### Exercise aim
Would you copy only the lines below, from the one containing "本报讯 (记者刘晓慧)6月1" through the very last one, leaving the pictures out?

· · · · ·

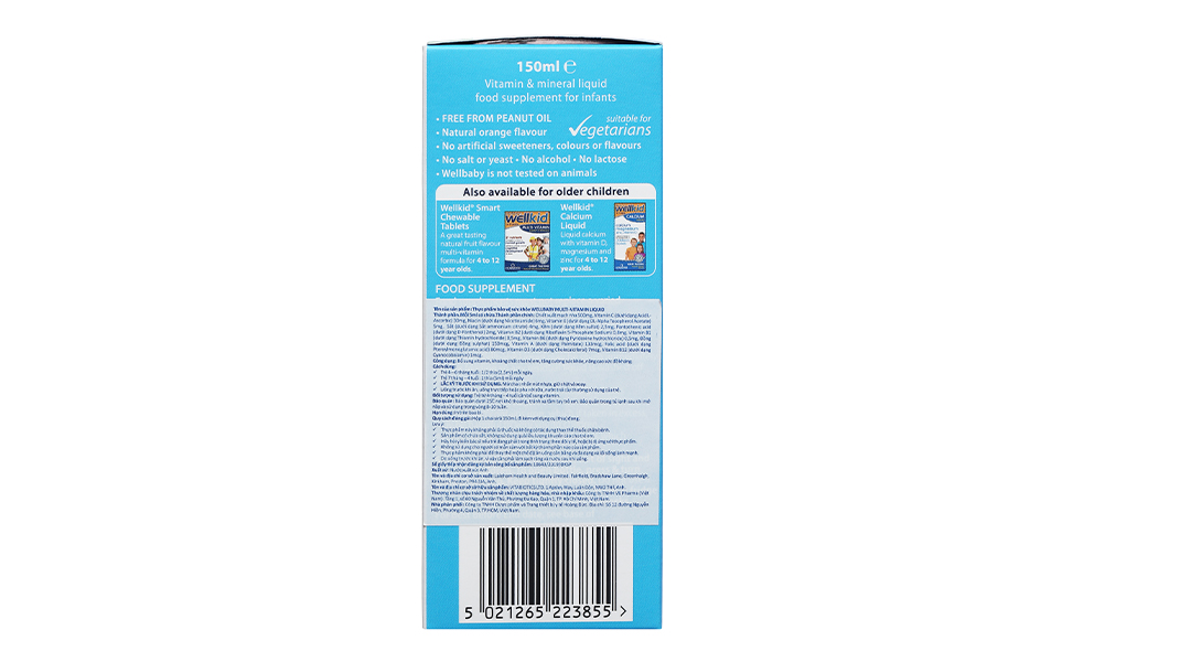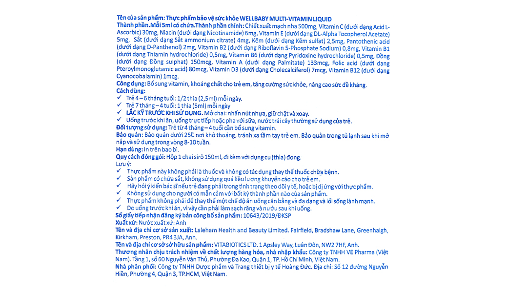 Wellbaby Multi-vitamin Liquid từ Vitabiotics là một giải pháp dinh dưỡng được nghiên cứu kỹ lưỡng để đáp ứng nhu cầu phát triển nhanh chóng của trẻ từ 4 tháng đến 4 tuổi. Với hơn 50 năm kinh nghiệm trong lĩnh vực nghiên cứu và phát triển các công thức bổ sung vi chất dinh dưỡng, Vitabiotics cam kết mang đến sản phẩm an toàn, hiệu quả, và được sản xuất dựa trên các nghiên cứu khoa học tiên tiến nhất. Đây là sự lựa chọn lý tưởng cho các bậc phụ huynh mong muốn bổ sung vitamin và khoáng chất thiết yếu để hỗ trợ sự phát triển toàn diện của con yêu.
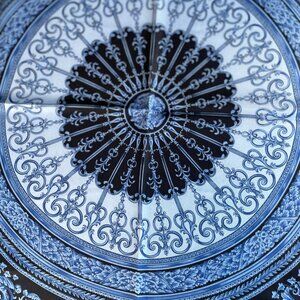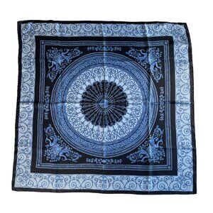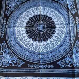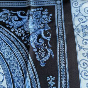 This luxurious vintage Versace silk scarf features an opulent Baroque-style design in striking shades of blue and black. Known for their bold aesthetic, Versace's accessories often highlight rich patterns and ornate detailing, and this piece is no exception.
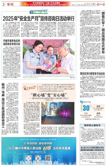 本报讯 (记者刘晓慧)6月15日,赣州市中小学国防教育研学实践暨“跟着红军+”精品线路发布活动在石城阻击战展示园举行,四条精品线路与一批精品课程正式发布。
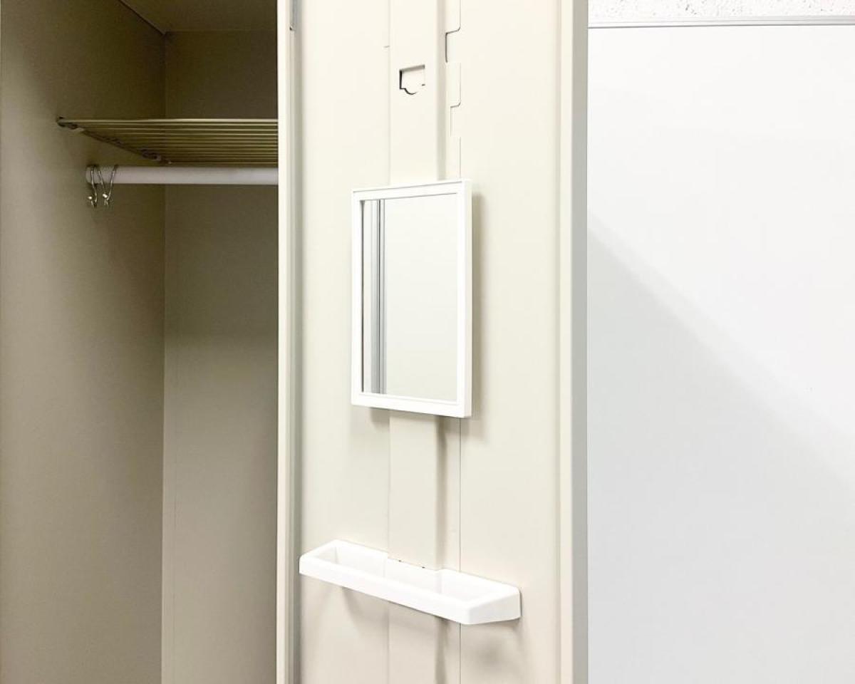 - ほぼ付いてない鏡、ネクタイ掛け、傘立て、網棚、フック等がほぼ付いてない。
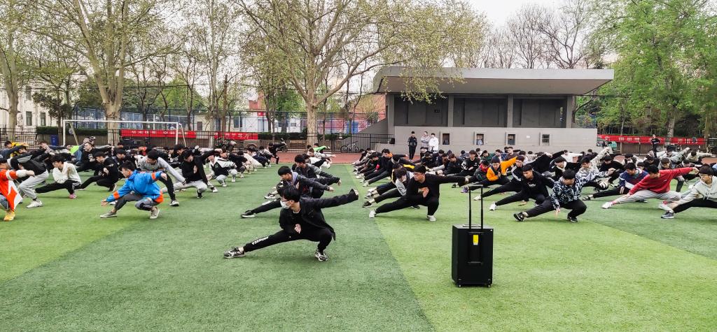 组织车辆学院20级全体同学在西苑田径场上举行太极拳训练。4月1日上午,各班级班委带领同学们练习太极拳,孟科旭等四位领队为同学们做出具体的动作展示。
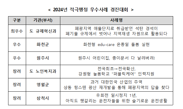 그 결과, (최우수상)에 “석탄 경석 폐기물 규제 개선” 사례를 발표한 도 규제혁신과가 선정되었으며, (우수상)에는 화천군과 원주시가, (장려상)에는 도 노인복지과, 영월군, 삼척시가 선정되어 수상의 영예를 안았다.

· · · · ·

### Exercise solution
 本报讯 (记者刘晓慧)6月15日,赣州市中小学国防教育研学实践暨“跟着红军+”精品线路发布活动在石城阻击战展示园举行,四条精品线路与一批精品课程正式发布。
 - ほぼ付いてない鏡、ネクタイ掛け、傘立て、網棚、フック等がほぼ付いてない。
 组织车辆学院20级全体同学在西苑田径场上举行太极拳训练。4月1日上午,各班级班委带领同学们练习太极拳,孟科旭等四位领队为同学们做出具体的动作展示。
 그 결과, (최우수상)에 “석탄 경석 폐기물 규제 개선” 사례를 발표한 도 규제혁신과가 선정되었으며, (우수상)에는 화천군과 원주시가, (장려상)에는 도 노인복지과, 영월군, 삼척시가 선정되어 수상의 영예를 안았다.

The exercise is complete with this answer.